■ What you should do: Type out the listing below exactly. Pictures stay out of it.

■ Given information:
[Start of Attachment]

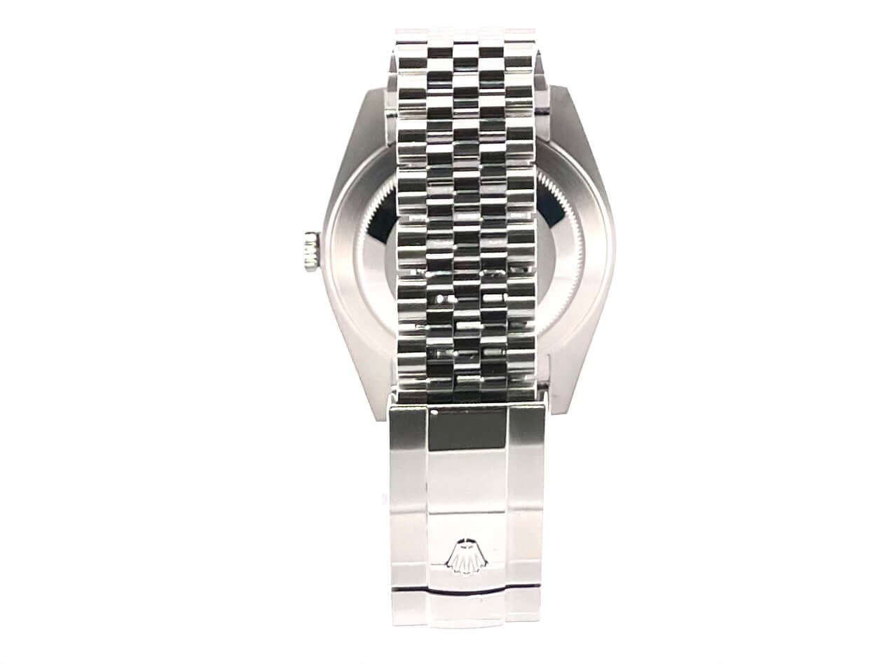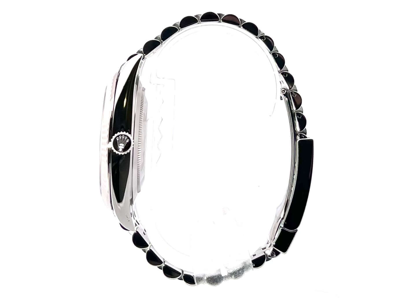 Gehäuse aus Edelstahl poliert und satiniert, Gehäusedurchmesser 41 mm, geriffelte 18 kt Weißgold Lünette, Jubile Armband aus Edelstahl poliert und satiniert mit Faltschließe, Mintgrünes Zifferblatt mit 18 kt Weißgold Leuchtindizes, Leuchtzeiger, Automatikwerk, Rolex Manufakturkaliber 3235, Chronometer, 70 Stunden Gangreserve, Datumsanzeige, kratzfestes Saphirglas, verschraubte Krone, Edelstahlboden verschraubt, Wasserdicht bis zu 10 bar.
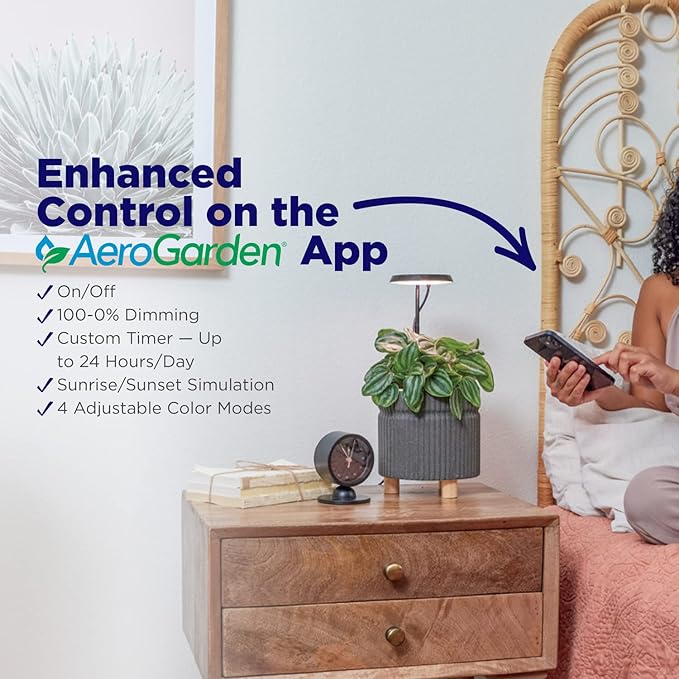 - Easily customize your smart grow light via the AeroGarden app, with features including custom light schedule, dimming capabilities, sunrise/sunset setting, and four adjustable Light Modes
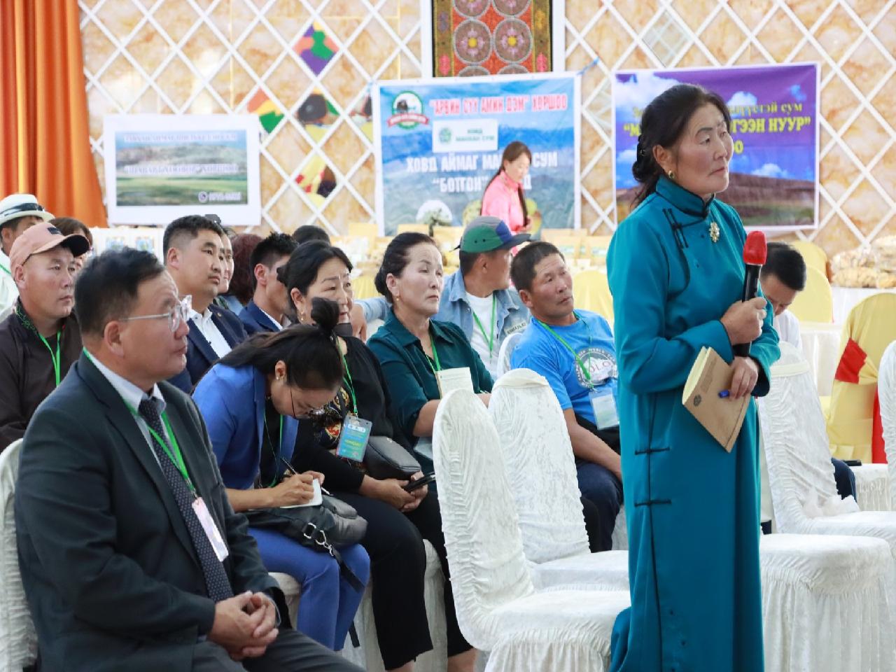 ХХААХҮЯ-ны Бодлого төлөвлөлтийн газрын шинжээч Э.Сугарбаяр малчид, хоршооны гишүүдийн сайн туршлагыг хуваалцах, загвар хоршооны үйл ажиллагааг танилцуулах, төр-хувийн хэвшлийн түншлэлийг дэмжих зорилгоор АДАПТ төслөөс зохион байгуулж буй үзэсгэлэн, сургалтын үйл ажиллагаанд оролцогчдод төрийн бодлого, чиглэлийн танилцуулав.
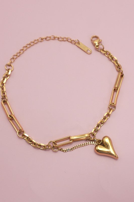 18k Stainless Steel Bracelet features a bold heart charm elegantly suspended on link chain. Tarnish Free. Real Gold Dipped. Hypoallergenic. Water Resistant. Sweat Proof. PVD Coating.

[End of Attachment]

■ Response to the exercise:
 Gehäuse aus Edelstahl poliert und satiniert, Gehäusedurchmesser 41 mm, geriffelte 18 kt Weißgold Lünette, Jubile Armband aus Edelstahl poliert und satiniert mit Faltschließe, Mintgrünes Zifferblatt mit 18 kt Weißgold Leuchtindizes, Leuchtzeiger, Automatikwerk, Rolex Manufakturkaliber 3235, Chronometer, 70 Stunden Gangreserve, Datumsanzeige, kratzfestes Saphirglas, verschraubte Krone, Edelstahlboden verschraubt, Wasserdicht bis zu 10 bar.
 - Easily customize your smart grow light via the AeroGarden app, with features including custom light schedule, dimming capabilities, sunrise/sunset setting, and four adjustable Light Modes
 ХХААХҮЯ-ны Бодлого төлөвлөлтийн газрын шинжээч Э.Сугарбаяр малчид, хоршооны гишүүдийн сайн туршлагыг хуваалцах, загвар хоршооны үйл ажиллагааг танилцуулах, төр-хувийн хэвшлийн түншлэлийг дэмжих зорилгоор АДАПТ төслөөс зохион байгуулж буй үзэсгэлэн, сургалтын үйл ажиллагаанд оролцогчдод төрийн бодлого, чиглэлийн танилцуулав.
 18k Stainless Steel Bracelet features a bold heart charm elegantly suspended on link chain. Tarnish Free. Real Gold Dipped. Hypoallergenic. Water Resistant. Sweat Proof. PVD Coating.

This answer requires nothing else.